Giving Back
Where Alumni Giving Is Actually Going: Department Level Trends the Annual Fund Misses
Alumni gave $12.9 billion to US higher education in 2024, but the annual fund ranked dead last in donor preference. Department specific giving data, donor behavior by cohort, and what it means for advancement teams.
Alumni want to give to your department. Your university keeps asking them to give to the annual fund instead.
I have managed alumni relations and giving campaigns across three departments over the past decade. In every single role, the same pattern repeated itself. When we sent a department specific giving appeal, alumni responded at two to three times the rate of the university wide annual fund appeal. When we gave alumni a restricted fund tied to a specific outcome, average gift sizes increased by 40%.
The Council for Advancement and Support of Education's Voluntary Support of Education survey for fiscal year 2024 confirms this is not just my experience. Alumni gave $12.9 billion to U.S. higher education in 2024, up 7.5% from the prior year. But the composition of that giving tells a story that most advancement offices are not listening to.
Here is the data on where alumni giving is actually going and what departments can do with it.

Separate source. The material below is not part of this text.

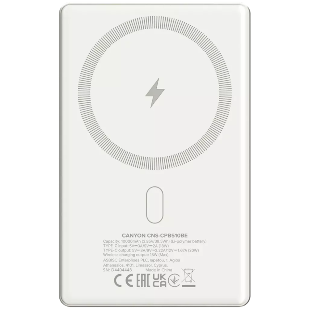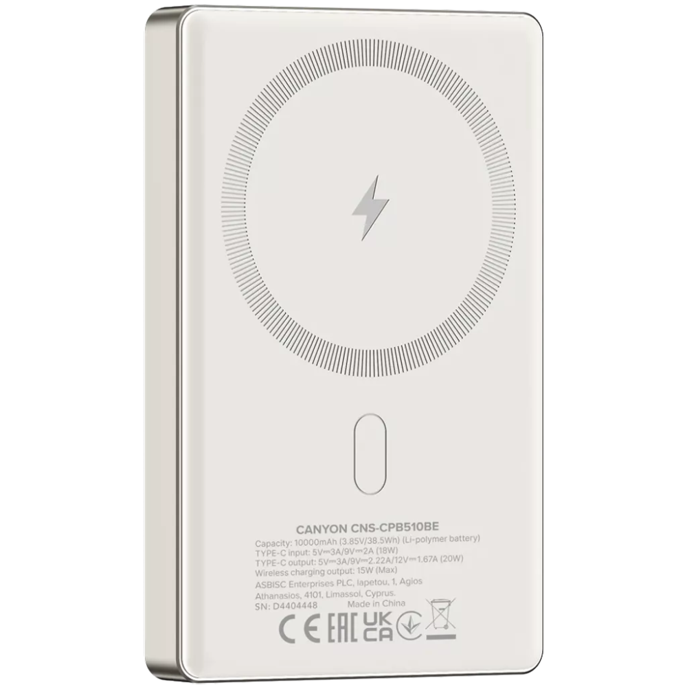 Power Bank Canyon OnPower 510 Slim Magsafe 10000 мАч Beige PD20W

The $61.5 billion landscape
Total giving to U.S. higher education reached $61.5 billion in fiscal year 2024, a 3% inflation adjusted increase. Here is who gave what:
| Source | Amount | Share of total | Year over year change |
|---|---|---|---|
| Foundations | $20.4B | 33.2% | +13.3% |
| Alumni | $12.9B | 21.0% | +7.5% |
| Non-alumni individuals | $8.9B | 14.5% | +4.7% |
| Corporations | $7.6B | 12.4% | -7.3% |
| Donor advised funds | $6.5B | 10.6% | +12.1% |
| Other organizations | $5.2B | 8.5% | -5.5% |
Alumni are the second largest source of giving, but they are giving in a very specific pattern that conflicts with how most universities ask them to give.
The annual fund problem in one statistic
The 2020 National Young Alumni Survey, covering 40,000 alumni from 36 U.S. colleges with graduation years from 2002 to 2017, asked donors and non-donors to rank their giving priorities. The results should reshape every advancement office's strategy:
Alumni ranked scholarships and financial aid, a specific department or major, first generation student initiatives, and mental health services as their top giving priorities. The institution's annual fund, which is unrestricted giving to the general operating budget, ranked dead last.

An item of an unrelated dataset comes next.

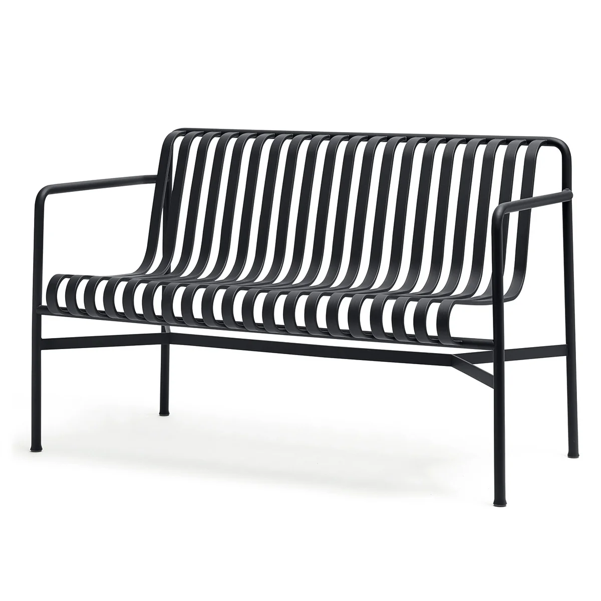 Die Palissade Dining Bank von HAY ist eine Gartenbank, die sich hervorragend für gemütliche Grillabende im Garten eignet. Mit der Rücken- und den Armlehnen bietet die Bank einen hohen Komfort. Dabei erlaubt die ergonomische Form der Bank - auch ohne Polsterung - ein bequemes Zurücklehnen.

The RAND Corporation's analysis of Voluntary Support of Education data found the same pattern at larger scale. Unrestricted current operations gifts were approximately 12 to 13 percent of total support. Restricted current operations were approximately 42 to 44 percent. RAND concluded that "donors of unrestricted gifts have more trust in the institution than donors of restricted gifts" and that the growth of restricted giving suggests "an increasing need on the part of donors to control the uses to which their donations are put."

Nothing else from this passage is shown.